# Carma training, 11/5/13



## GatorDog (Aug 17, 2011)

10 months old, and she's making really good progress! I'm very happy with her and very lucky that I have such a good group of people who are also invested in us as a team. It has really made a big impact on our training over the last few weeks.


----------



## mycobraracr (Dec 4, 2011)

Very nice! So you doing your IPO 15 next week


----------



## mycobraracr (Dec 4, 2011)

I just showed Kiersten the video. Very impressive! Nice work!


----------



## ayoitzrimz (Apr 14, 2010)

Didn't know you train with Mario. You're in good hands  Great job!


----------



## GatorDog (Aug 17, 2011)

Thank you both! Mario is an awesome trainer and and a great friend. I'm very lucky for sure.

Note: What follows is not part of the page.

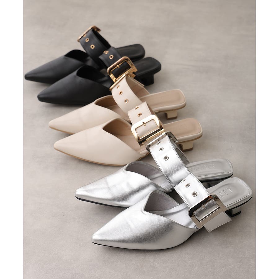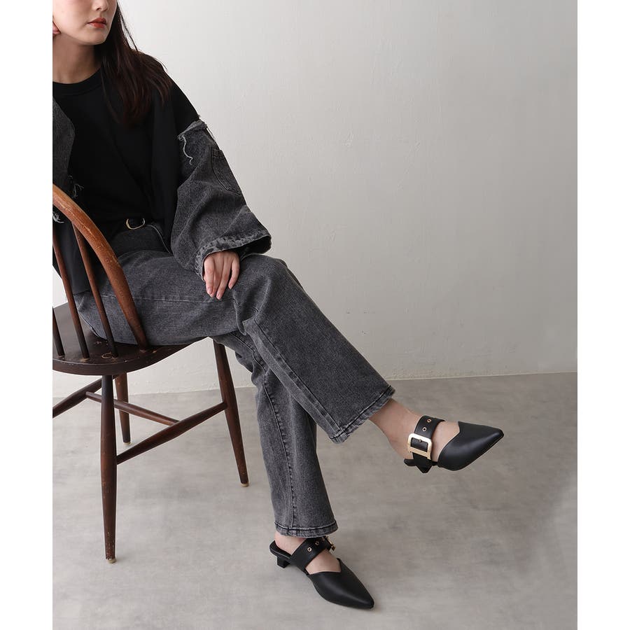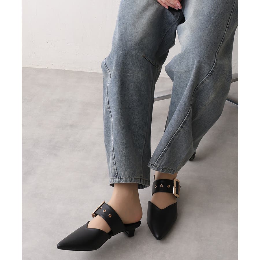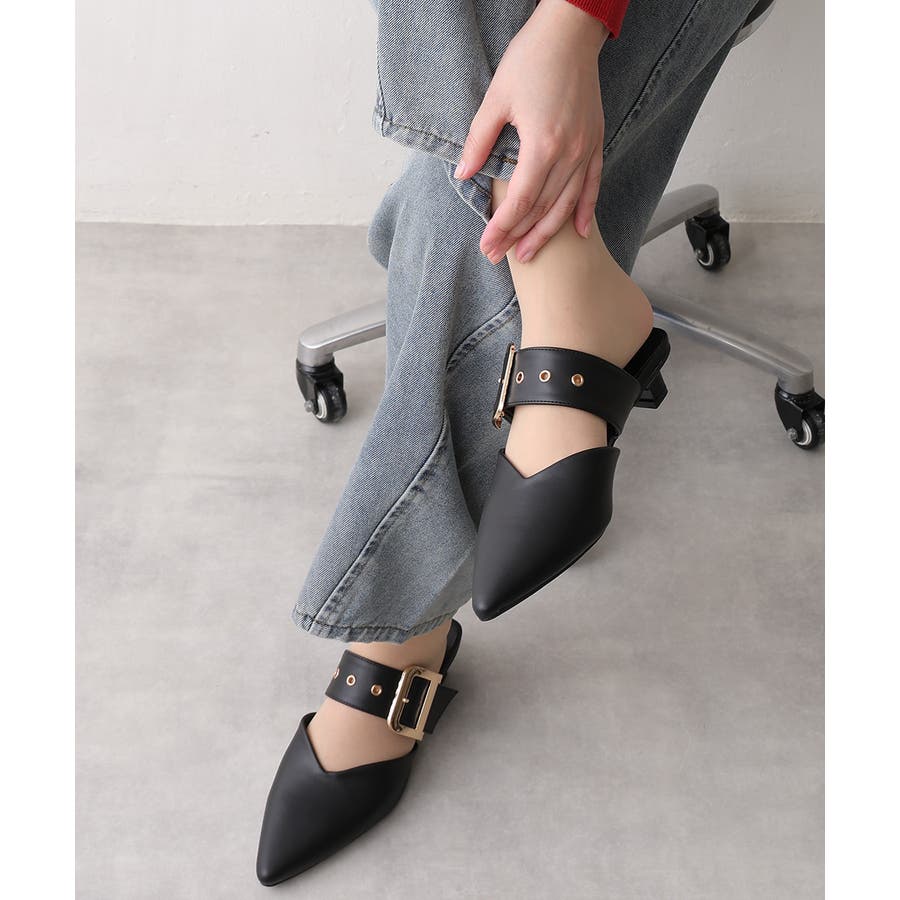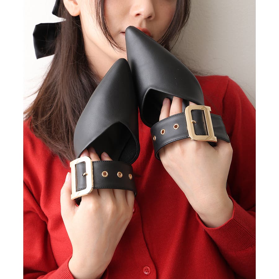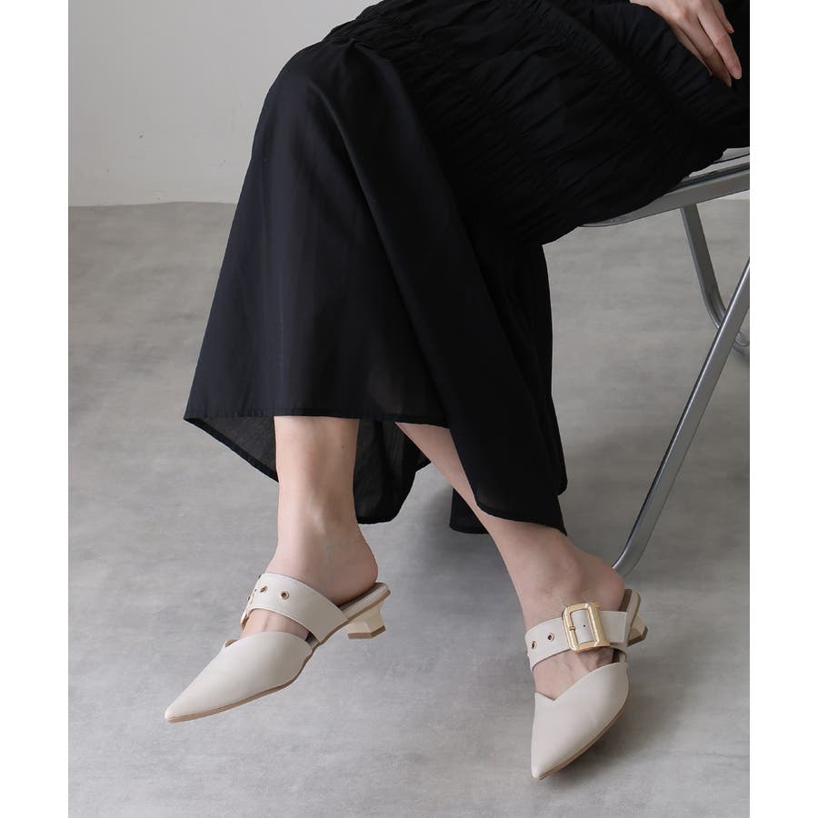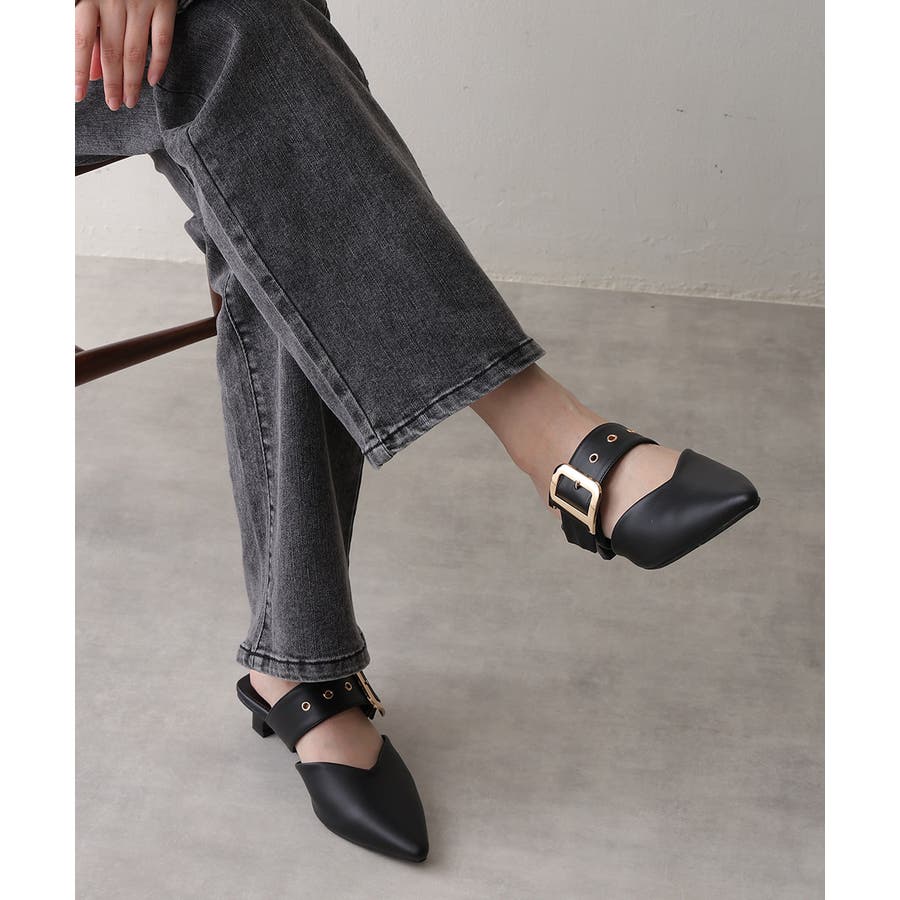 【25年春夏新作】ポインテッドトゥ バックルベルト ミュールパンプス
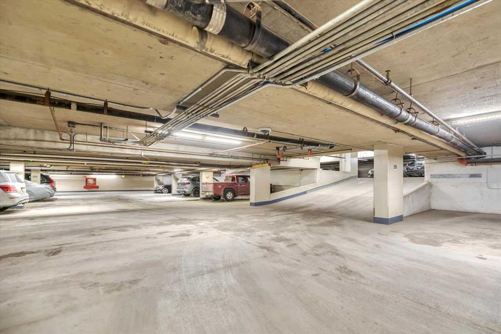 From the moment you pull up to the front entrance of this exclusive riverside residence, you will be impressed. The building is meticulously maintained with extensive upgrades throughout. Superbly located along the Elbow River with immediate access to an extensive route of bike and walking paths, as well as the prestigious Glenco Club, there are no disappointments here. For those lazy weekend afternoons, there is a large array of coffee shops, restaurants and bistros all within a comfortable walking distance. The unit itself is on the 5th floor. Its features include 2 bedrooms and 2 bathrooms, with a West-facing view overlooking a lovely green rooftop terrace. Its main living area is large and inviting with loads of decorating potential. Upgrades include newer mocha-colored laminate flooring, wide baseboards, fresh paint, refaced kitchen cabinets with white quartz countertops…. The indoor swimming pool is a gorgeous, bright, open lounging area. Additional features include a hot tub, a sauna, showers, a full gym, a library and a social room for those times when you want to host colleagues, friends or family for special occasions. You also have the convenience of an on-site car wash and Tennis Courts. Also included is one titled parking space, extra, fully enclosed assigned storage and visitor parking. This is a fabulous opportunity to move into the Riverstone at an entrance level

Sent from Petguide.com Free App


----------



## KathrynApril (Oct 3, 2013)

What a great video!


----------



## BoTaBe (May 2, 2013)

Really great!! Awesome heeling!


----------



## Wolfgeist (Dec 4, 2010)

That was awesome, super impressed by how precise and clean her heeling is. You guys are such a great team!


----------



## GatorDog (Aug 17, 2011)

Thanks guys!  I'm lucky to have this little girl who loves this work so much. 

Sent from Petguide.com Free App


----------



## phgsd (Jun 6, 2004)

WOW - she looks super! Great work!!!


----------



## natalie559 (Feb 4, 2005)

Looking great!!


----------